» **Task goal**:
Send back the line that contains "En el brazo izquierdo carga al Niño Jesús." and all lines following it through the end of the data below, exactly, omitting pictures.

» **Supplied material**:
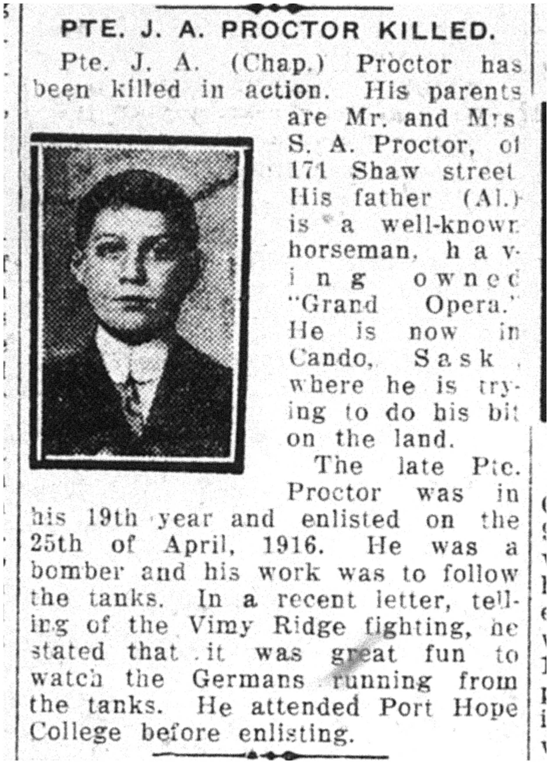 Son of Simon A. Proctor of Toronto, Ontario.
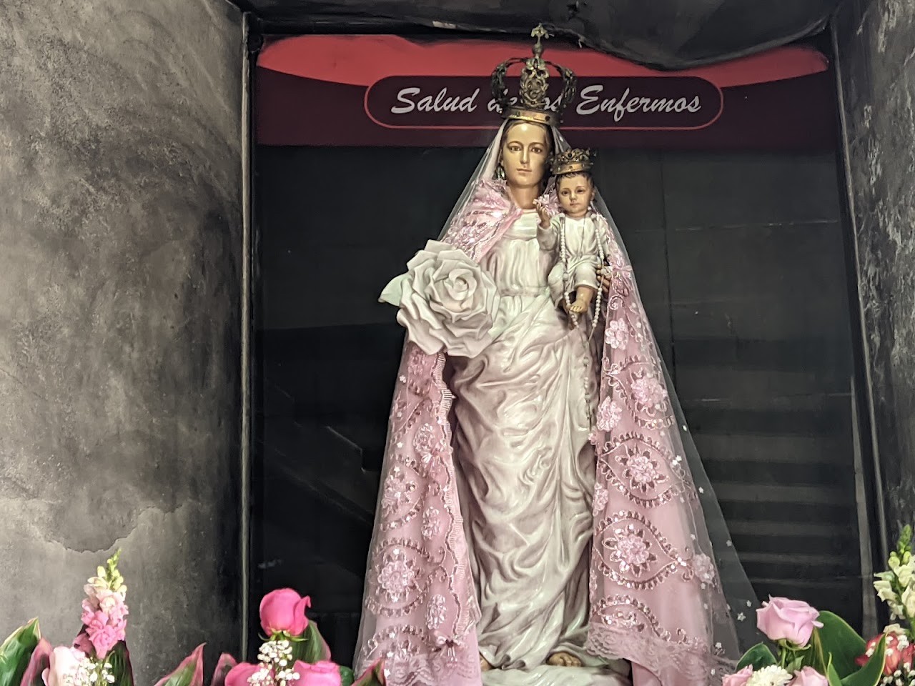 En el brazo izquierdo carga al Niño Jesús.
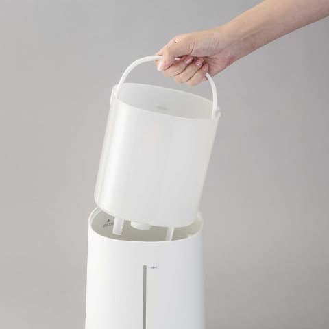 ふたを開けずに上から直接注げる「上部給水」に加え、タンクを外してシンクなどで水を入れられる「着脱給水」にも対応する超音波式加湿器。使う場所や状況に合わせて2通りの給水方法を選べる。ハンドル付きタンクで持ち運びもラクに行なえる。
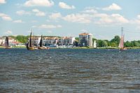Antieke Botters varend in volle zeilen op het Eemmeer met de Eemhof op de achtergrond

» **Written answer**:
 En el brazo izquierdo carga al Niño Jesús.
 ふたを開けずに上から直接注げる「上部給水」に加え、タンクを外してシンクなどで水を入れられる「着脱給水」にも対応する超音波式加湿器。使う場所や状況に合わせて2通りの給水方法を選べる。ハンドル付きタンクで持ち運びもラクに行なえる。
Antieke Botters varend in volle zeilen op het Eemmeer met de Eemhof op de achtergrond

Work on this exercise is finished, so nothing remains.